After G-20 summit, China sees India as partner to shore up global economy

Many participants of two-day brainstorming exercise proposed a pervasive economic engagement between China and India.

November 20, 2016 02:05 pm | Updated December 02, 2016 04:40 pm IST - Chongqing (Southwest Asia)

Taking the cue from the G-20 summit in Hangzhou, China is advocating greater participation of the Global South and the emerging countries in the world economy, including closer ties between Beijing and New Delhi.

At a major brainstorming exercise marshaled by the Communist Party of China (CPC)—China’s most influential core—several speakers recognised that western economies were avoiding structural reforms, which were necessary to revive an anemic global economy. The two-day exercise included invitees from major national and international think-tanks, as well as political parties across a wide cross-section of the globe.

Two separate sessions focused on Africa, and countries along the Mekong River, signaling China’s intent to include the Global South in its blueprint to lift the global economy.

Many participants proposed a pervasive economic engagement between China and India, to help bring about a global turnaround. “If you look at the economic perspective, China and India are complementary to each other. There is immense scope to enhance cooperation,” observed Lin Yifu, former Vice President of the World Bank.

Amar Bhattacharya, a senior fellow with the Brookings Institution also concurred. He told The Hindu , that once the no-go areas were clarified, there was immense scope for scaling up the India-China economic partnership. “Please do not forget the big picture that by 2050 they (China) will be the first and we (India) will be second largest economies of the world, with very complementary type of demographic and supply chain structures.”

But Dr. Bhattacharya stresse that India should insist on a long-haul relationship with China, focused on joint ventures, allowing India’s “smart engineers” to absorb advanced technology. “The biggest thing India can learn from China is in the arena of infrastructure. They (the Chinese) are a powerhouse of infrastructure.”

He added that construction and high speed railway should become flagships for tie-ups in the infra sector. “There are two countries to learn from in the construction industry—Turkey and China. South Korea has already moved to a higher league,” he observed.

The U.S. based academic highlighted that collaboration in high speed railways was promising at it would not be hampered by the availability of land—a chronic problem confronting foreign investors, seeking avenues in India’s manufacturing sector.

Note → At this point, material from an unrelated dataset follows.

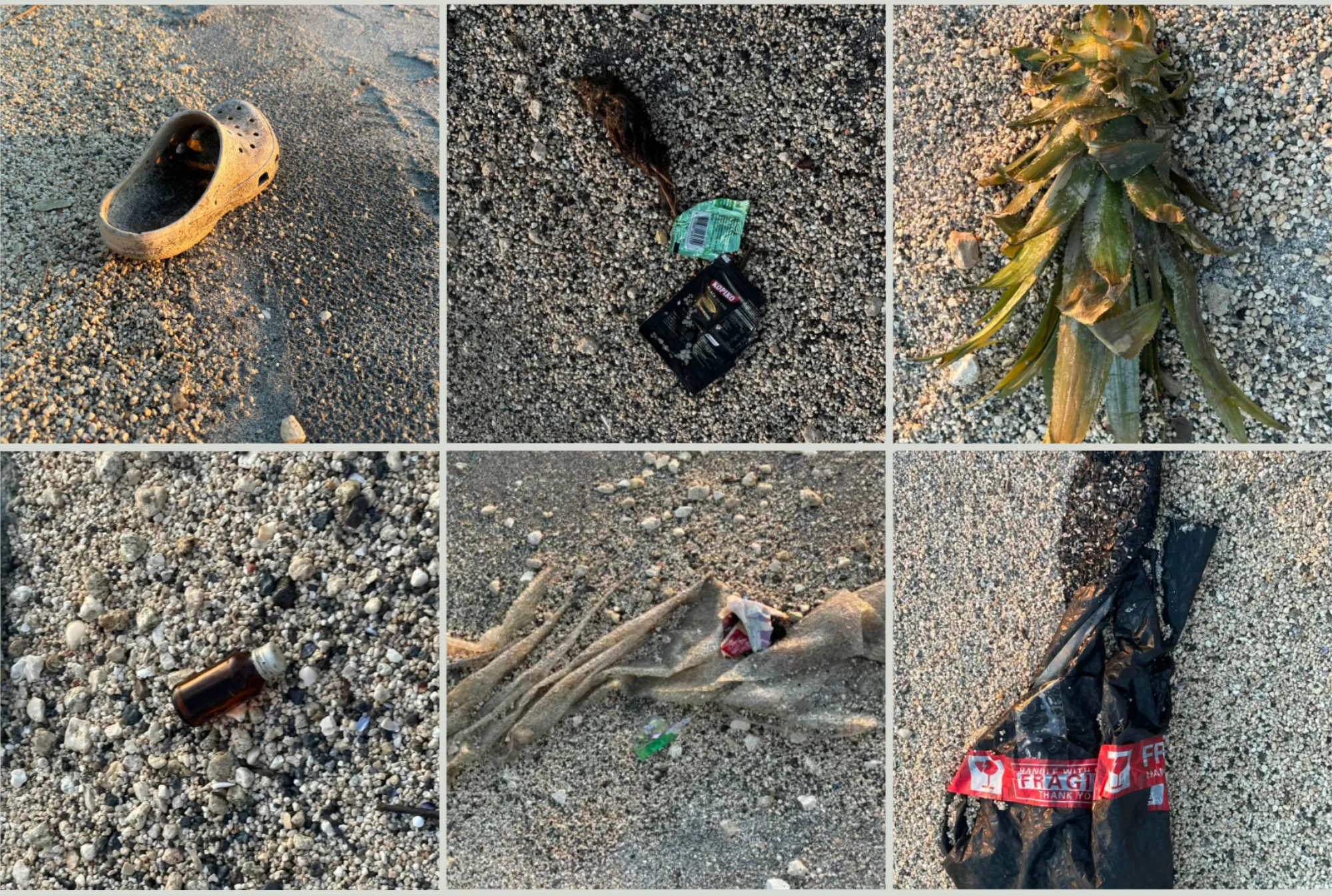 Littered all over the shore were pieces of garbage, whispers of the previous guests. Notably: a baby sized croc, weathered and worn. A sachet of shampoo and coffee, the head of a pineapple leftover from a picnic, bubble wrap pushed into a natural shape by the waves, a medicine bottle and the skin from a claimed lazada package.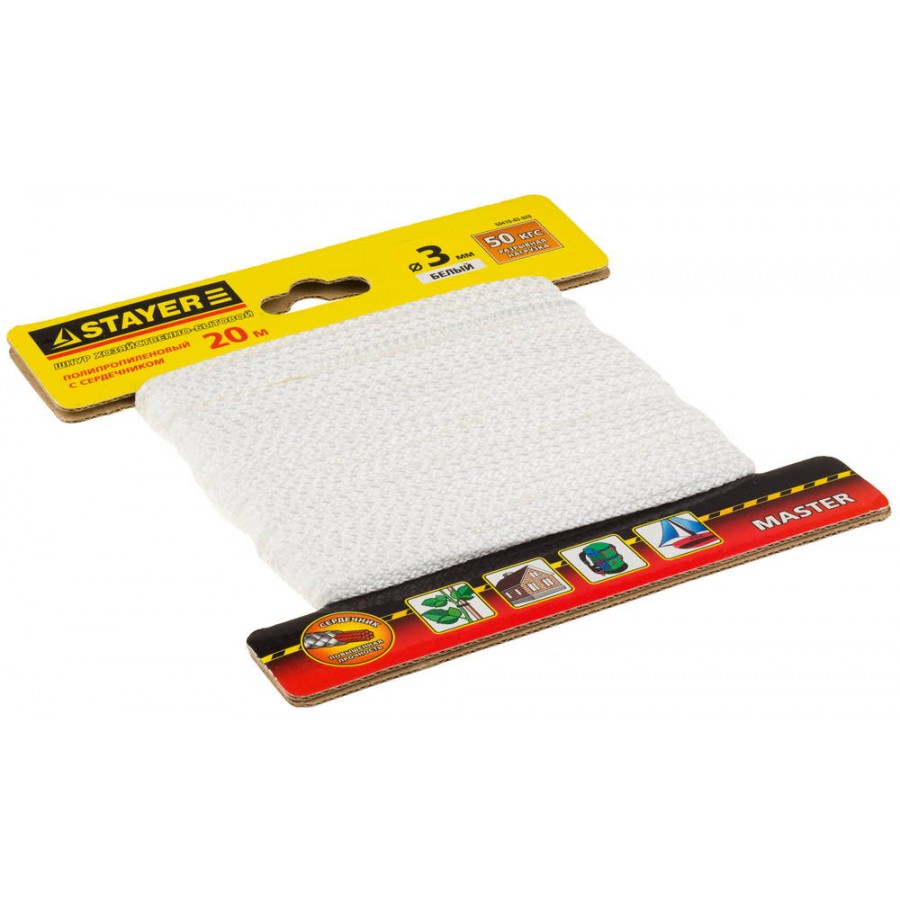 50410-03-020 | Шнур хозяйственно-бытовой, полипропиленовый, вязанный, с сердечником, белый, d 3, 20м, STAYER MASTER

Dr. Bhattacharya stressed that India should build solid economic foundations with China that reinforced strong mutual interest. “That would also help us manage our differences. Pakistan as a factor in Sino-Indian ties would gradually recede to the background”.

Gopal Krishna Agarwal, a BJP national executive member, praised the integrated supply chain that China had established, based on seamless connectivity. “China has integrated its highways railways, metros and airways. The resulting fast supply chain is China’s strength from which we can learn,” he observed.

Aware of the headwinds, Mr. Lin was bearish about a quick revival of major western economies, citing their fear of structural reforms. “I am more on the pessimistic side. It is very hard for the major economies to carry out the necessary structural reforms because it means short-term constrictions, slowdown in the economy and increase in unemployment,” said the former multilateral banker.

Other participants, including Liu Yunshan, a member of powerful Politburo of CPC Standing Committee, diagnosed that geo-political and related factors were also dragging down the global economy. He cited the “refugee crisis, climate change and terrorism,” as some of the factors undermining growth.

Consequently, the Chongqing conclave called for re-defining the rules of economic governance, which should equally focus on non-economic factors hampering revival. “Usually, when we say global governance, we refer to global economic governance, which is also the focus of this dialogue. I believe, however, effective global governance can’t be founded on economics alone,” observed Song Tao, head of the International Department of the CPC. He added that the international system must now aim at “comprehensive governance” that focused on “cooperative and sustainable security,” that would yield lasting political stability.

Participants also implicitly rejected inclusion of ideologically driven agendas such as democracy and human rights, as part of the new governance rule book. Mr. Song underscored that global economic governance can prosper only when participating countries are allowed to “follow their own paths,” and actively pursue their political choices.